Welcome to the forum OP!
1) Feel free to check out a thread from a few months ago...I discussed finishing meat heifers: Finishing Heifers
2) Plan to butcher her around 15 months. So probably in June or July.


----------



## Rookie (Dec 29, 2021)

MontanaBredRancher said:


> Welcome to the forum OP!
> 1) Feel free to check out a thread from a few months ago...I discussed finishing meat heifers: Finishing Heifers
> 2) Plan to butcher her around 15 months. So probably in June or July.


----------



## Rookie (Dec 29, 2021)

Thanks for the reply. I’m keeping the heifer penned at the previous owner’s place. I probably only have until the first of April. Would there be a problem slaughtering her then? That will give me 90 days more.


----------



## MontanaBredRancher (Apr 12, 2021)

Of course!



Rookie said:


> I’m keeping the heifer penned at the previous owner’s place. I probably only have until the first of April. Would there be a problem slaughtering her then? That will give me 90 days more.

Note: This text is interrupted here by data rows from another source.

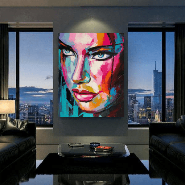 Der tiefe Blick und die blauen Augen auf diesem Wandbild fesseln einen sofort. Auch die bunten Farben sorgen für einen absoluten Hingucker in den eigenen vier Wänden. Mit diesem Bild schafft man sich nicht nur einen farblichen Eyecatcher in den eigenen vier Wänden, sondern bringt gleichzeitig den besonderen Ausdruck der Frau auf diesem Bild zum Vorschein.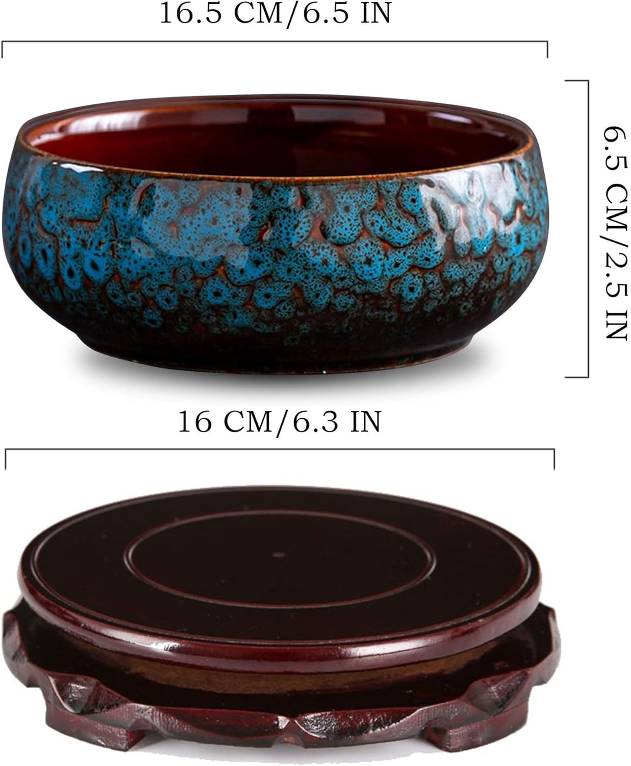 • 【Flower Pot Size】Package includes: 1 PCS succulent pots without potted plants, the dimensions are: 6.5 inches in diameter x 2.5 inches in height, 1 360° rotating flower pot round base, the dimensions are: 6.2 inches in diameter x 1.2 inches in height, the rotating base can also be used to place favorite things at will, showing different temperaments.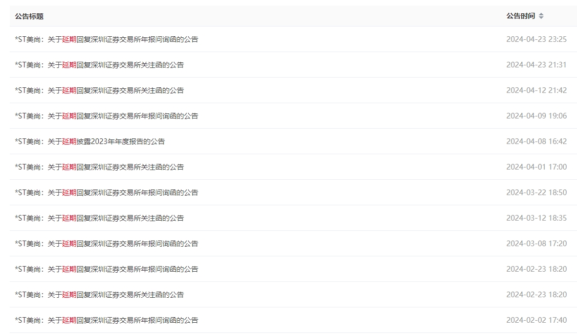 公告截图公告显示,公司2023年5月15日即已收到深交所《关于对美尚生态景观股份有限公司的年报问询函》(创业板年报问询函【2023】第166号),要求公司在2023年5月29日前将有关说明材料报送创业板公司管理部并对外披露,同时抄送深圳证监局上市公司监管处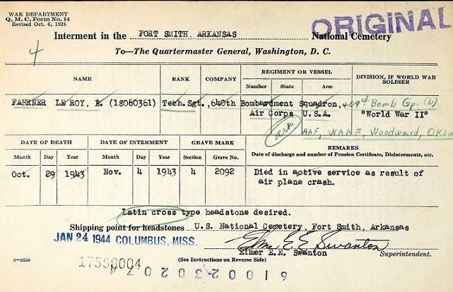TSGT LeRoy Benjamin Fahrner was killed in a plane crash over Woodward, Okla. while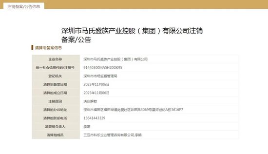 国家企业信用信息公示系统显示,马小秋担任董事长的深圳市马氏盛族产业控股(集团)有限公司在2023年6月被深圳市市场监督管理局列入经营异常名录,原因是通过登记的住所或经营场所无法联系。同年11月6日,该公司已在深圳市市场监督管理局登记注销,原因是决议解散。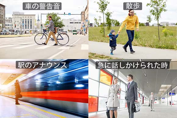 イヤホンを装着する時、乗り物のアナウンスや周囲の会話などが聞こえない場合があります。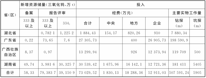 表1-4 中南地区钨矿勘查投入及新增资源储量表(2011—2015年)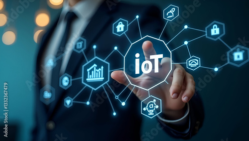 Flat IoT technology and wireless connectivity concept featuring businessman interacting with IoT interface displaying icons for AI global networking industrial automation cybersecurity solutions and s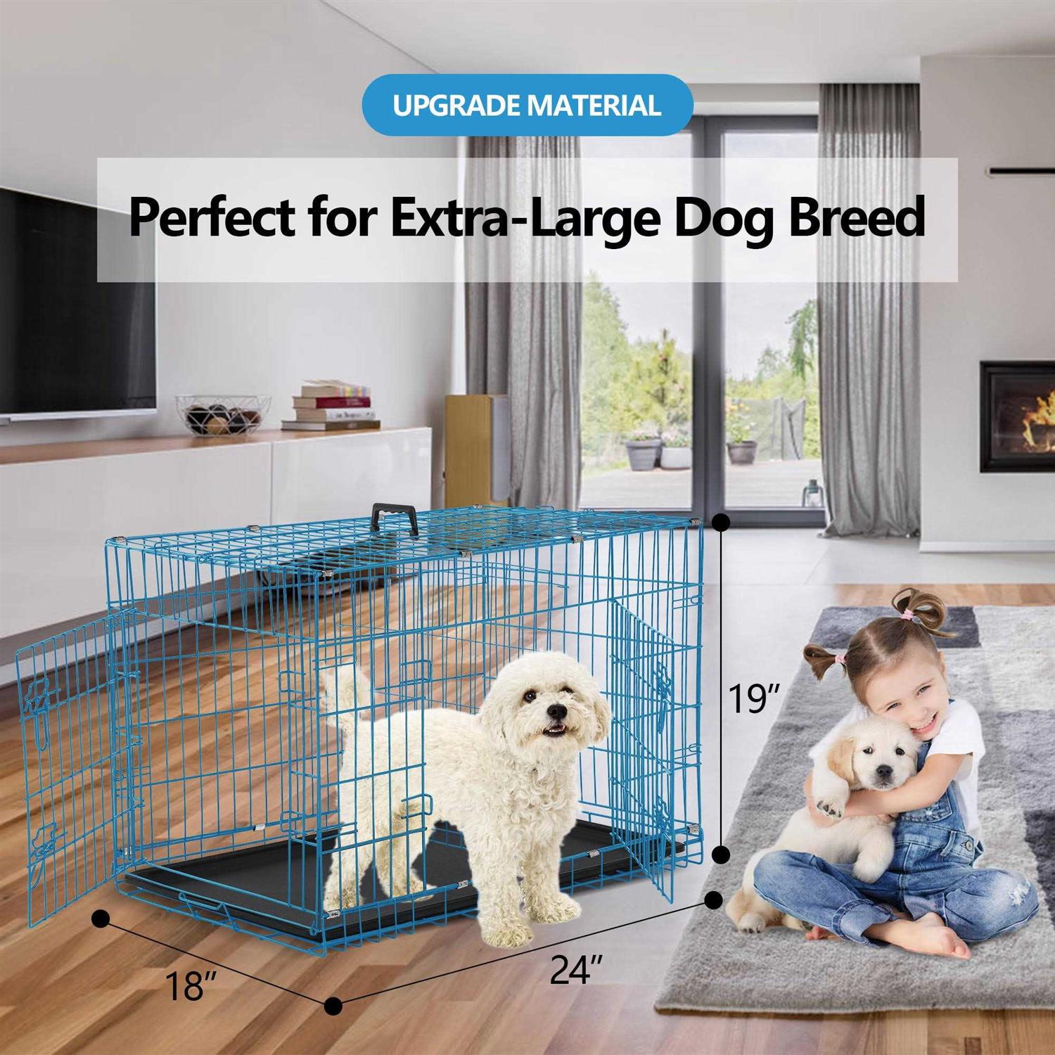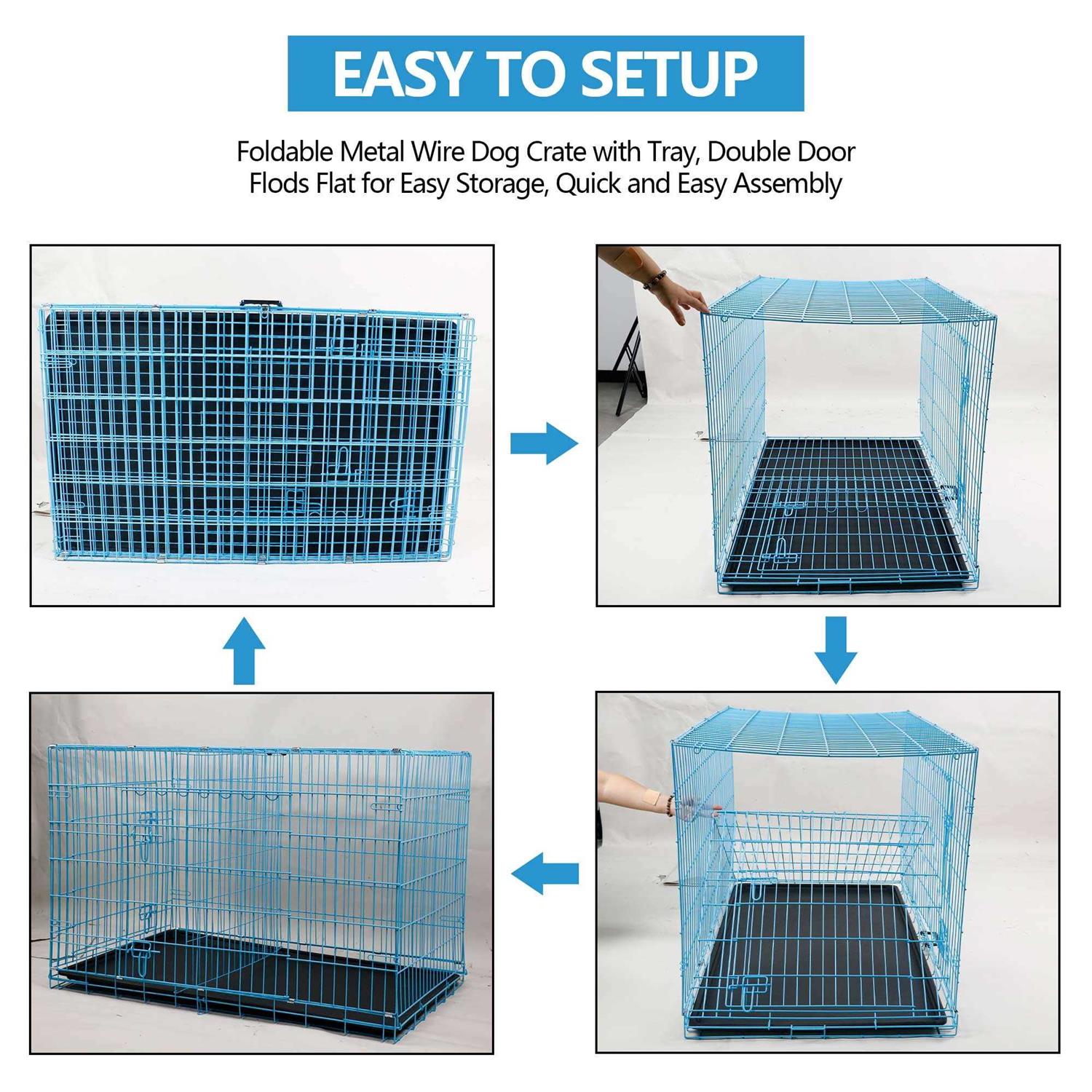 Cl.hpahkl Dog Cage for Large Dogs Indoor, Folding Dog Crates and Kennels Double Door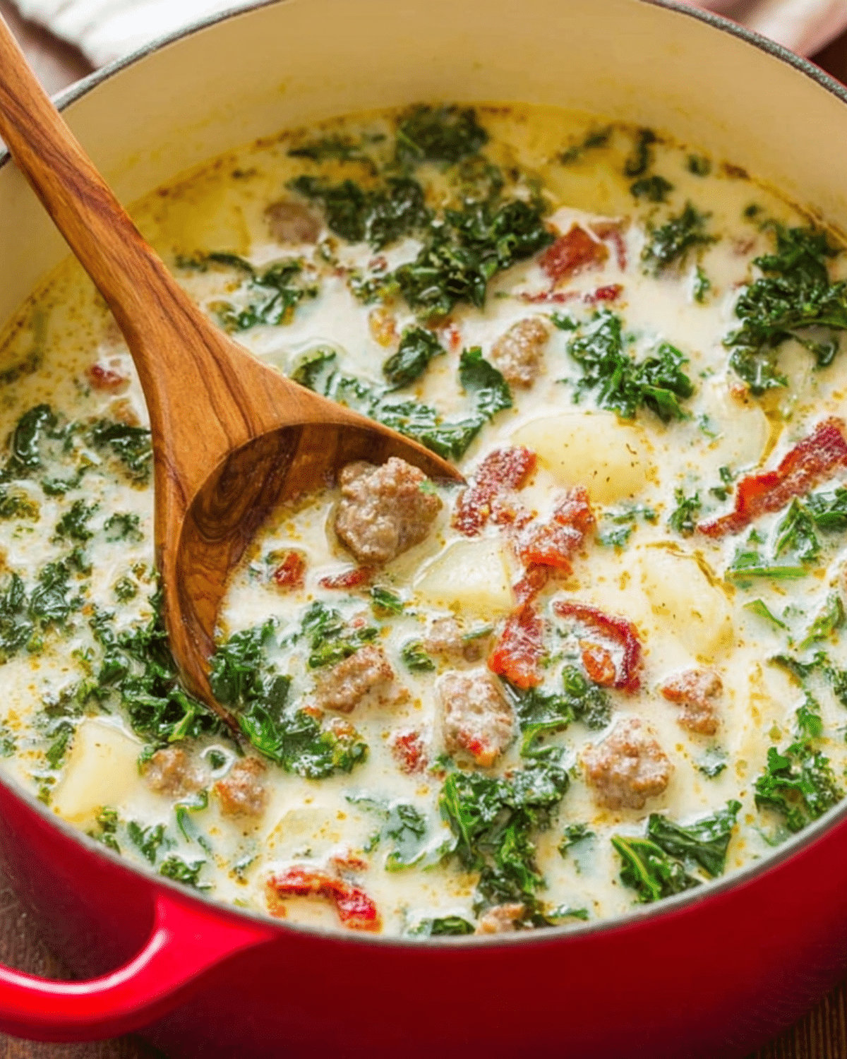 Zuppa Toscana Soup is a hearty, creamy Italian-American soup loaded with spicy Italian sausage, crispy bacon, tender potatoes, and kale, all simmered in a flavorful garlic-infused broth.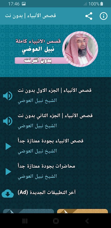 ◻️コメントで私たちとあなたの意見を共有し、利益を広めるためのパートナーになり、シェイクナビルアルアワディの声と5つ星の評価でネットなしで預言者の物語アプリケーションを共有することを忘れないでください..ありがとうアプリケーションをダウンロードしてくれてありがとう、そして神はあなたを祝福します。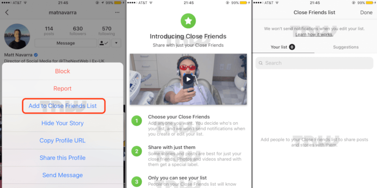 A função “amigos íntimos” (close friends) seria uma resposta ao fenômeno do finsta, ou Fake Instagram, em que os usuários (principalmente americanos) criam contas paralelas às que já possuem oficialmente no Instagram, em ordem de compartilharem apenas com amigos próximos conteúdos que não querem que os demais seguidores vejam. Com a nova ferramenta que está sendo testada pelo Instagram, seria possível fazer o compartilhamento seletivo sem a necessidade de criar outra conta, como se fosse uma extensão da função de “favoritos” testada pelo aplicativo no começo do ano.
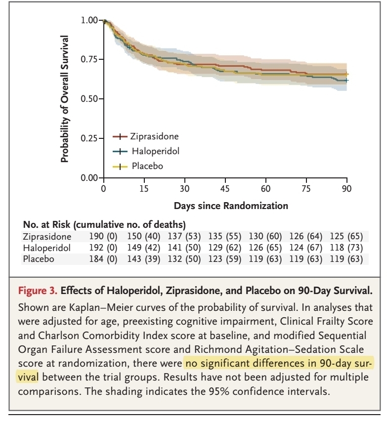 1183명의 환자를 대상으로 하였으며, 이중 566명 (48%)의 환자에서 delirium이 발생하였는데 89%는 hyperactive, 11%는 hypoactive delirium이었다. 이 566명의 환자를 무작위로 할당해서 184명은 placebo, 192명은 haloperidol, 190명은 ziprasidone을 투여하였다. Placebo나 각 약물을 투여받은 median duration은 4일 (interquartile range, 3 to 7)이었고, delirium이나 coma가 없이 생존한 날의 median number는 8.5 (95% confidence interval [CI], 5.6 to 9.9) in the placebo group, 7.9 (95% CI, 4.4 to 9.6) in the haloperidol group, and 8.7 (95% CI, 5.9 to 10.0) in the ziprasidone group (P = 0.26 for overall effect across trial groups)였습니다. Placebo와 비교해서 haloperidol과 ziprasodone의 primary end point는 유의한 차이가 없었다(odds ratios, 0.88 [95% CI, 0.64 to 1.21] and 1.04 [95% CI, 0.73 to 1.48], respectively).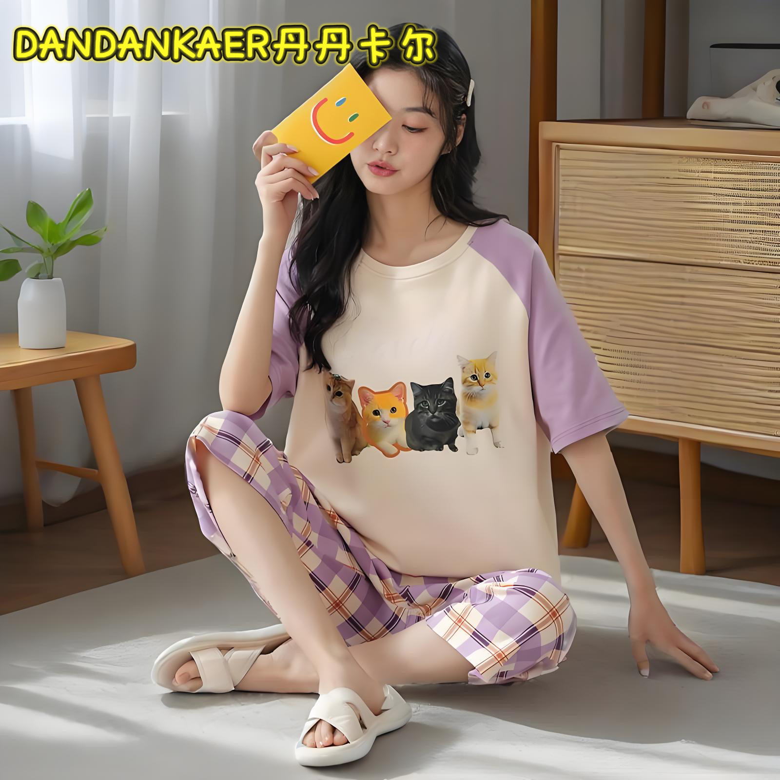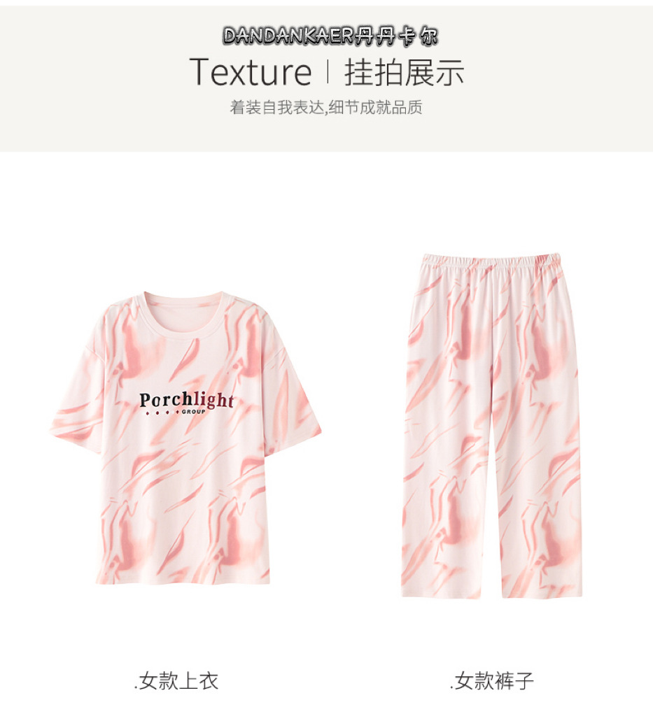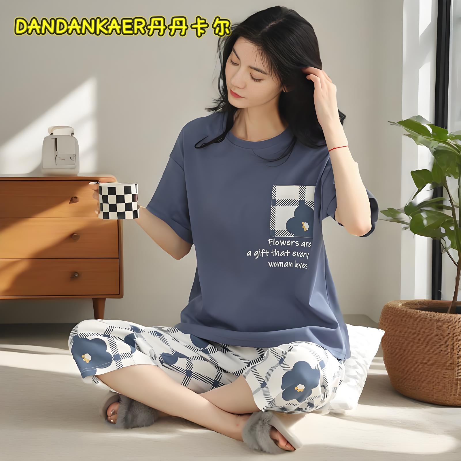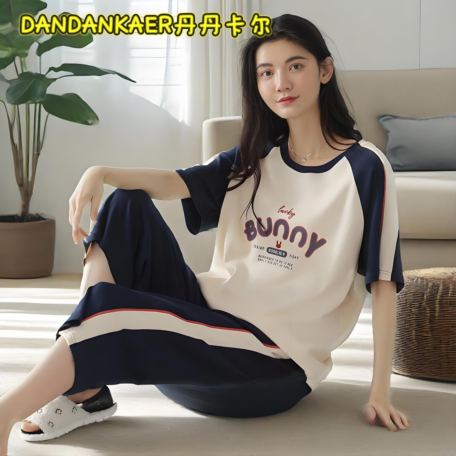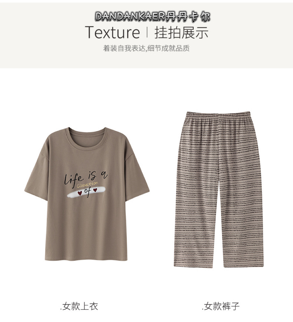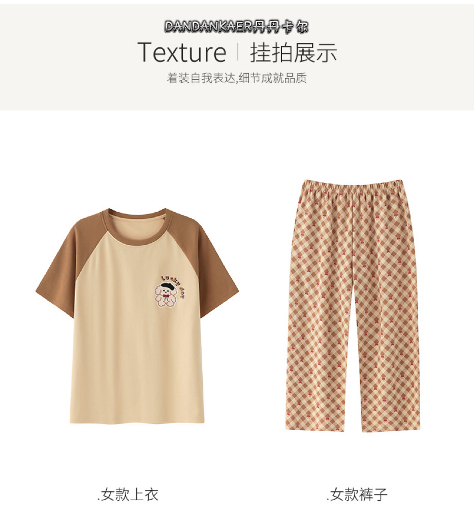 여성용 잠옷 여름 순수 코튼 반팔 캐주얼 달콤하고 귀여운 소녀 학생 플러스 사이즈 크롭 바지 홈웨어 세트스토어 가기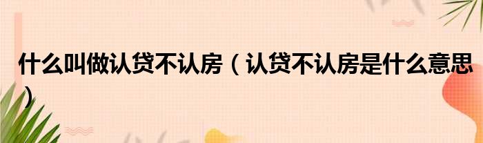 什么叫做认贷不认房(认贷不认房是什么意思)

Well, 15 months for a heifer her size would be the prime time to butcher. If you can't make a deal with the owner to pay maybe $80 a month just to keep her there for a few more months, then the first of April is fine.


----------



## MontanaBredRancher (Apr 12, 2021)

She will be around 11.5 months then, correct? "Market-grade meat" is slaughtered from 12-24 months, but as a rancher, I always say 15-18 months for standard-size. We raise Dexters (mini) and tend to go a _bit _longer.


----------



## Rookie (Dec 29, 2021)

MontanaBredRancher said:


> She will be around 11.5 months then, correct? "Market-grade meat" is slaughtered from 12-24 months, but as a rancher, I always say 15-18 months for standard-size. We raise Dexters (mini) and tend to go a _bit _longer.


I wish I had more time but I don’t if I keep her at the place where I have her now. A local high school has a butchering program that people in my area brag on. I like the idea of supporting this local school program for the kids so I want to make that window. Will the meat at 800 to 900 pounds at 12 months be of lessor quality than at 1000-1200 pounds at 15-18 months old or will there just be fewer pounds of meat for the freezer?


----------



## MontanaBredRancher (Apr 12, 2021)

Won't be lesser quality, just not as much meat, and maybe not as much marbling. Use the info on the thread I linked though 😊


----------



## MontanaBredRancher (Apr 12, 2021)

If you don't have a weight scale, buy a weight tape online...








Amazon.com: Coburn Beef Stock Weigh Tape, 108" : Patio, Lawn & Garden


Buy Coburn Beef Stock Weigh Tape, 108": Livestock Supplies - Amazon.com ✓ FREE DELIVERY possible on eligible purchases



www.amazon.com





Obviously it won't be 100% accurate, but will get the job done when you would like to get her weight. I would check the weight monthly, especially in the last month when you start feeding corn, grain, plus the daily hay forage.


----------



## Rookie (Dec 29, 2021)

MontanaBredRancher said:


> Won't be lesser quality, just not as much meat, and maybe not as much marbling. Use the info on the thread I linked though 😊


Thanks for your help. I didn’t learn anything about raising cattle in seminary.


----------